(Input data begins)
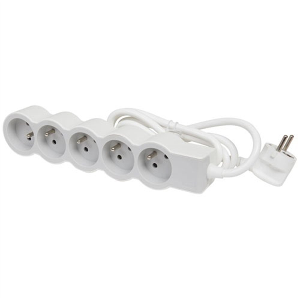 La multiprise Legrand 5 prises 2P+T en blanc et gris associe un design épuré à une fonctionnalité quotidienne indispensable. Son profil extra-plat et sa finition arrondie blanc/gris clair lui permettent de s'intégrer discrètement dans n'importe quel intérieur, que ce soit dans un bureau, un salon ou une chambre.
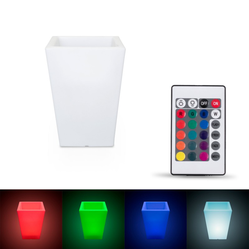 Jardinière carrée à LED RGBW - 12W - Rechargeable - Télécommandée
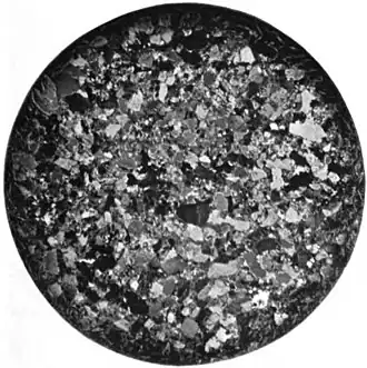 The augen gneiss member consists of two belts of fine to medium grained gneiss bearing biotite, microcline, quartz, and plagioclase, with abundant large ovoids (augen) consisting of microcline and/or quartz.[1]
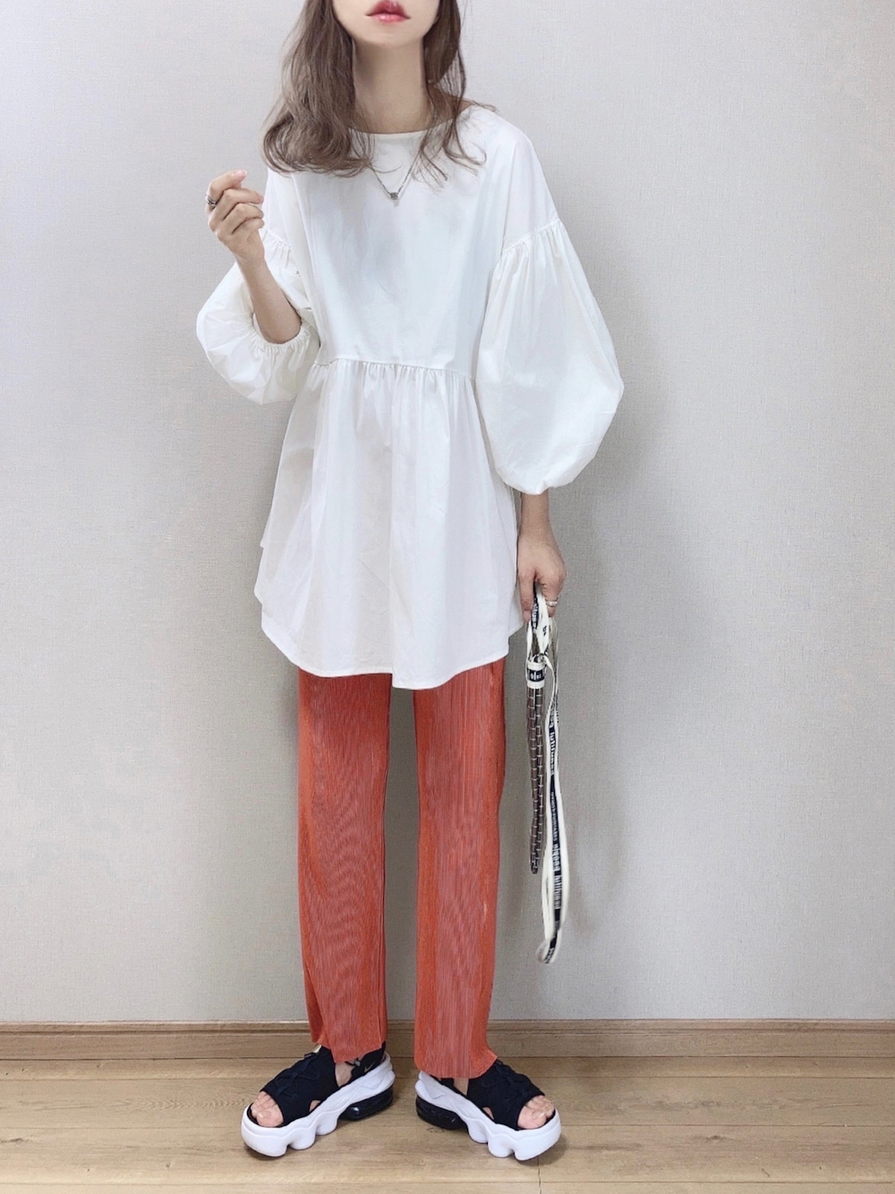 Bonjour Saganボリュームブラウスはお気に入り♪ AN CLOSETのプリーツパンツを合わせました! ビタミンカラーが夏らしくて可愛いです🧡 見ていただきありがとうございます🙏 Instagram*pyon9494
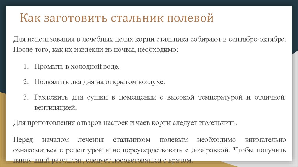 Перед началом лечения стальником полевым необходимо внимательно
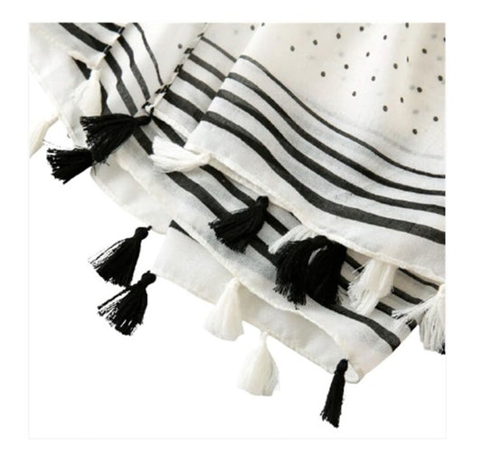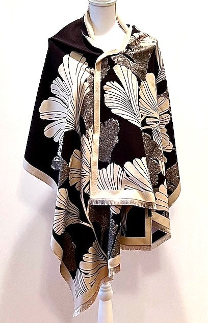 Black Cream Large Gingko Print Reversible Wrap - Artisan Shawl
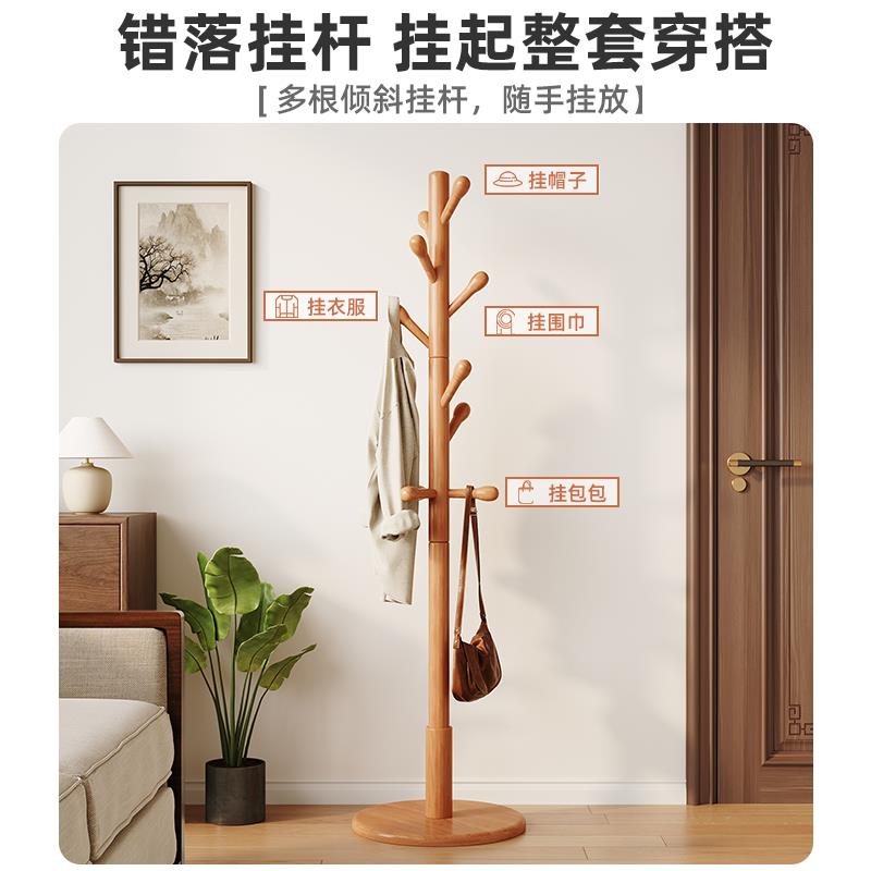 实木衣帽架落地衣架家用卧室树形挂衣杆客厅角落立式挂衣架子简易
(Input data ends)
## Your assignment
Transcribe the data verbatim. No picture belongs in the result.

## Written solution
 La multiprise Legrand 5 prises 2P+T en blanc et gris associe un design épuré à une fonctionnalité quotidienne indispensable. Son profil extra-plat et sa finition arrondie blanc/gris clair lui permettent de s'intégrer discrètement dans n'importe quel intérieur, que ce soit dans un bureau, un salon ou une chambre.
 Jardinière carrée à LED RGBW - 12W - Rechargeable - Télécommandée
 The augen gneiss member consists of two belts of fine to medium grained gneiss bearing biotite, microcline, quartz, and plagioclase, with abundant large ovoids (augen) consisting of microcline and/or quartz.[1]
 Bonjour Saganボリュームブラウスはお気に入り♪ AN CLOSETのプリーツパンツを合わせました! ビタミンカラーが夏らしくて可愛いです🧡 見ていただきありがとうございます🙏 Instagram*pyon9494
 Перед началом лечения стальником полевым необходимо внимательно
 Black Cream Large Gingko Print Reversible Wrap - Artisan Shawl
 实木衣帽架落地衣架家用卧室树形挂衣杆客厅角落立式挂衣架子简易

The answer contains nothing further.